Other Ways to Increase Power
Raising alpha is rarely the first or best strategy for boosting power, because it directly increases false positive risk. Researchers more commonly turn to alternatives that improve power without that trade-off.
- Increase sample size. Collecting more data is the most straightforward path to higher power. Larger samples produce more precise estimates, making it easier to detect real effects at any alpha level.
- Target a larger effect size. If you can design your intervention to produce a bigger difference between groups, power increases. This isn’t always controllable, but choosing a comparison condition wisely can help.

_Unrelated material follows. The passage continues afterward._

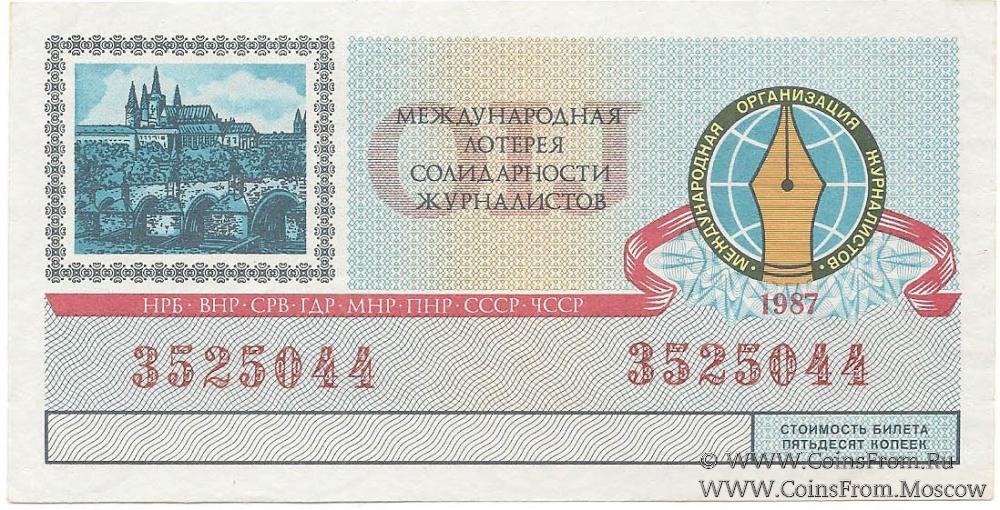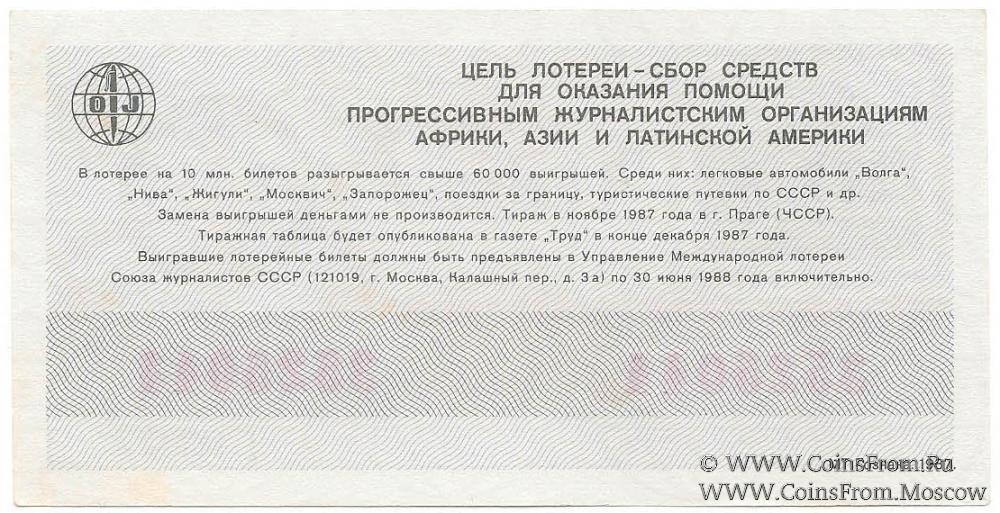 Билет. Водяной знак. Тираж в г. Праге (ЧССР). Международная лотерея солидарности журналистов.

- Reduce measurement noise. Using more reliable instruments, standardizing procedures, or selecting a more homogeneous study population all reduce variability in your data, which increases power.
- Use a one-tailed test. If you have a strong directional hypothesis, a one-tailed test concentrates all of alpha in one direction, effectively giving you more power to detect effects in that direction. This is appropriate only when effects in the opposite direction are irrelevant or impossible.
Each of these strategies increases power independently. In practice, researchers combine them during the study design phase, running power analyses to find the combination of sample size, alpha, and expected effect size that achieves at least 80% power while keeping the false positive rate at an acceptable level.
Choosing the Right Alpha for Your Study
The standard 0.05 threshold works as a reasonable default for most research, but it isn’t sacred. The right alpha depends on what’s at stake. For exploratory or pilot work where the goal is generating hypotheses rather than confirming them, alpha levels of 0.10 or 0.20 are common and defensible. The cost of a false positive in this context is low because findings will be tested again in a larger study.
For confirmatory research, especially in medicine or public policy, stricter thresholds are appropriate. Studies where falsely concluding a treatment works could cause harm often use alpha values of 0.01 or 0.001. The lost power is compensated by enrolling more participants. In fields grappling with replication problems, the push toward 0.005 reflects a growing consensus that the traditional 0.05 threshold lets too many weak findings through.
Whatever alpha you choose, be transparent about the trade-off. A higher alpha gives you more power to detect real effects but increases the chance of chasing false leads. A lower alpha protects against false positives but raises the risk of missing something real. The goal is to match your error tolerance to the consequences of each type of mistake in your specific research context.